→ **Given information**
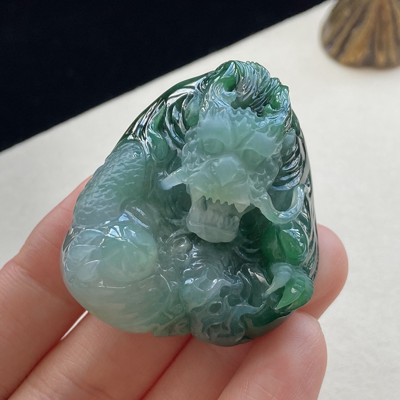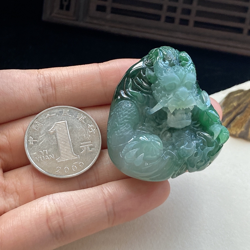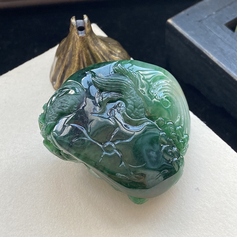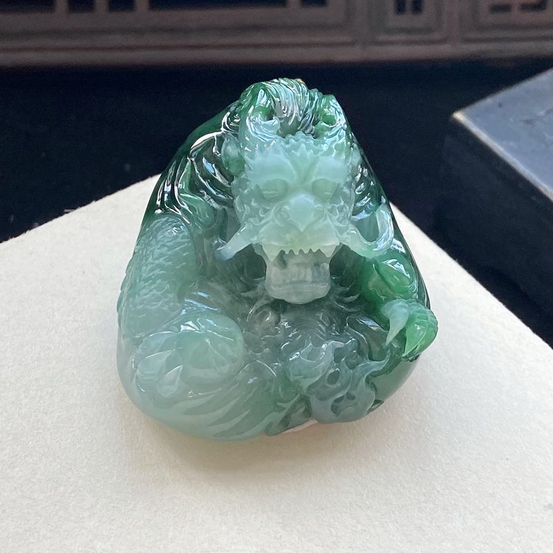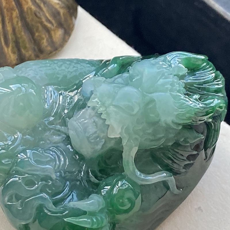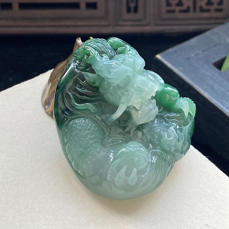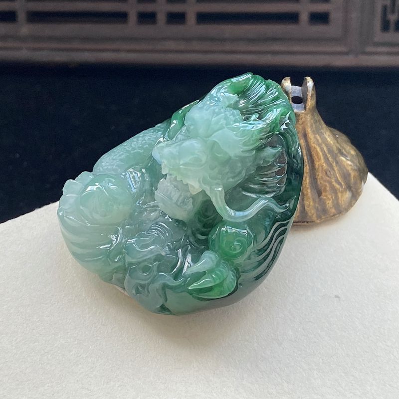 • 糯种油绿翡翠飞龙在天吊坠
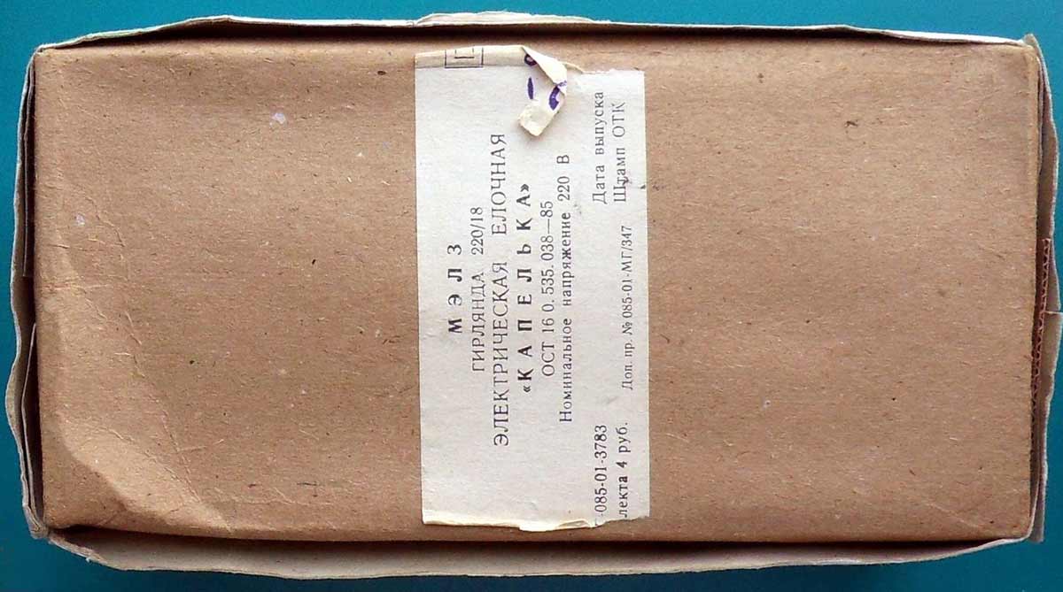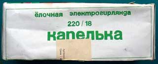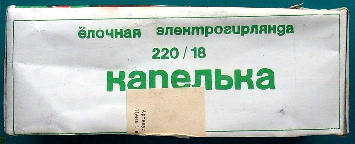 Ёлочная электрогирлянда "Капелька" возможно с 1986 года выпускалась Московским электроламповым заводом. Сеть 220 В. 18 ламп. Общая мощность 30 Вт.
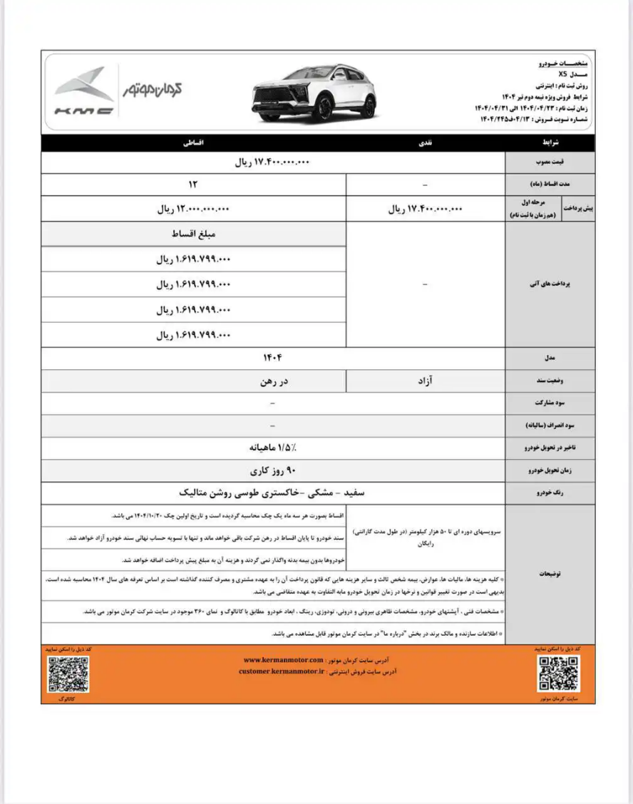 شرکت کرمان موتور شرایط فروش کراس اوور مونتاژی خود را به صورت نقد و اقساط ویژه تیر ماه ۱۴۰۴ اعلام کرد. در این شرایط فروش کراس اوور کی ام سی X5 به صورت فروش فوری با تحویل ۹۰ روز کاری عرضه خواهد شد. کرمان موتور شرکت مونتاژ کنند KMC X5 قیمت قطعی این خودرو را ۱,۷۴۰,۰۰۰,۰۰۰ تومان اعلام کرده است. در شرایط اقساطی متقاضیان می توانند با پیش پرداخت ۱,۲۰۰,۰۰۰,۰۰۰ و اقساطی به مدت ۱۲ ماه در این شرایط فروش ثبت نام کنند. اقساط محاسبه شده برای این خودرو هر ۳ ماه یک فقره چک به مبلغ ۱۶۱,۹۷۹,۹۰۰ تومان است. KMC X5 کراس اوور جک و سهول بر اساس جک S5 است که توسط کرمان موتور به بازار ایران عرضه می شود. جک S5 یکی پرفروش ترین کراس اوورهای بازار ایران در سال های اخیر بود. متقاضیان می توانند از روز دوشنبه ۲۳ تیرماه تا روز سه شنبه ۳۱ تیرماه با مراجعه به سایت کرمان موتور نسبت به ثبت نام در این شرایط فروش اقدام نمایند.
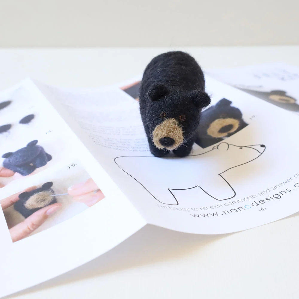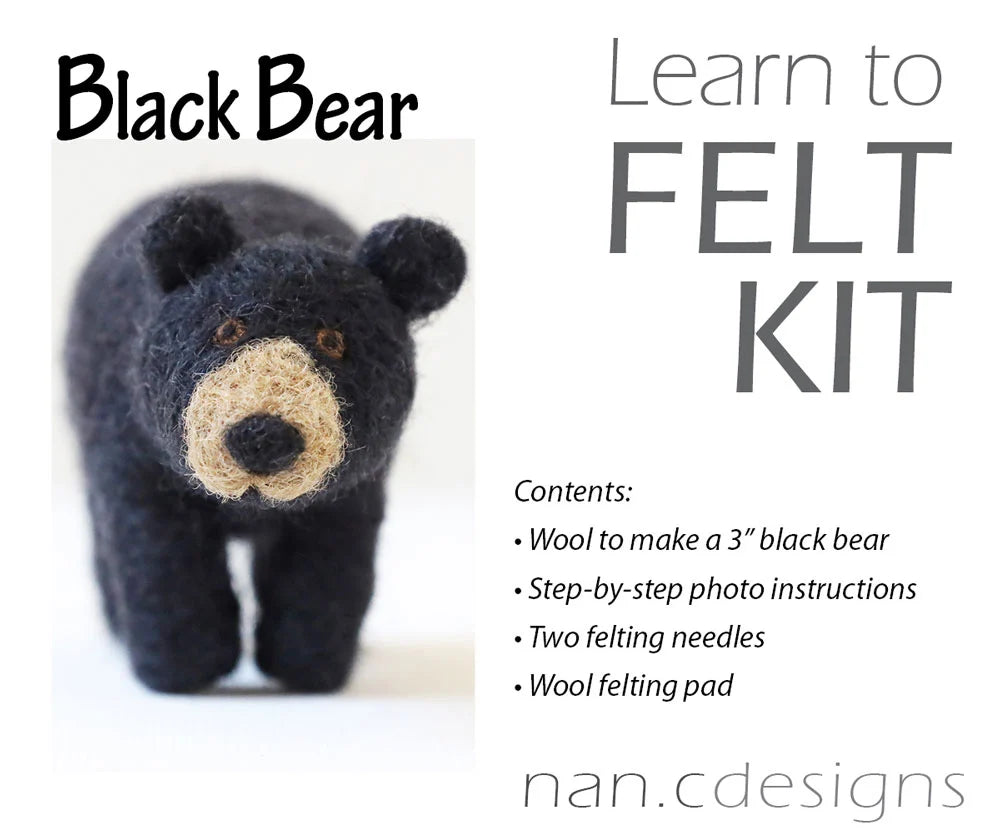 This Learn-to-Felt Kit includes everything you need: hand-dyed wool in rich black and warm accent shades, quality felting needles, a wool pad, and step-by-step photo instructions to guide you with ease. In about an hour, you’ll bring your bear to life — from a handful of wool to a sturdy little companion full of personality.

→ **Description of the task**
Full transcription of the material, exact in every line, without images.

→ **Problem solution**
 • 糯种油绿翡翠飞龙在天吊坠
 Ёлочная электрогирлянда "Капелька" возможно с 1986 года выпускалась Московским электроламповым заводом. Сеть 220 В. 18 ламп. Общая мощность 30 Вт.
 شرکت کرمان موتور شرایط فروش کراس اوور مونتاژی خود را به صورت نقد و اقساط ویژه تیر ماه ۱۴۰۴ اعلام کرد. در این شرایط فروش کراس اوور کی ام سی X5 به صورت فروش فوری با تحویل ۹۰ روز کاری عرضه خواهد شد. کرمان موتور شرکت مونتاژ کنند KMC X5 قیمت قطعی این خودرو را ۱,۷۴۰,۰۰۰,۰۰۰ تومان اعلام کرده است. در شرایط اقساطی متقاضیان می توانند با پیش پرداخت ۱,۲۰۰,۰۰۰,۰۰۰ و اقساطی به مدت ۱۲ ماه در این شرایط فروش ثبت نام کنند. اقساط محاسبه شده برای این خودرو هر ۳ ماه یک فقره چک به مبلغ ۱۶۱,۹۷۹,۹۰۰ تومان است. KMC X5 کراس اوور جک و سهول بر اساس جک S5 است که توسط کرمان موتور به بازار ایران عرضه می شود. جک S5 یکی پرفروش ترین کراس اوورهای بازار ایران در سال های اخیر بود. متقاضیان می توانند از روز دوشنبه ۲۳ تیرماه تا روز سه شنبه ۳۱ تیرماه با مراجعه به سایت کرمان موتور نسبت به ثبت نام در این شرایط فروش اقدام نمایند.
 This Learn-to-Felt Kit includes everything you need: hand-dyed wool in rich black and warm accent shades, quality felting needles, a wool pad, and step-by-step photo instructions to guide you with ease. In about an hour, you’ll bring your bear to life — from a handful of wool to a sturdy little companion full of personality.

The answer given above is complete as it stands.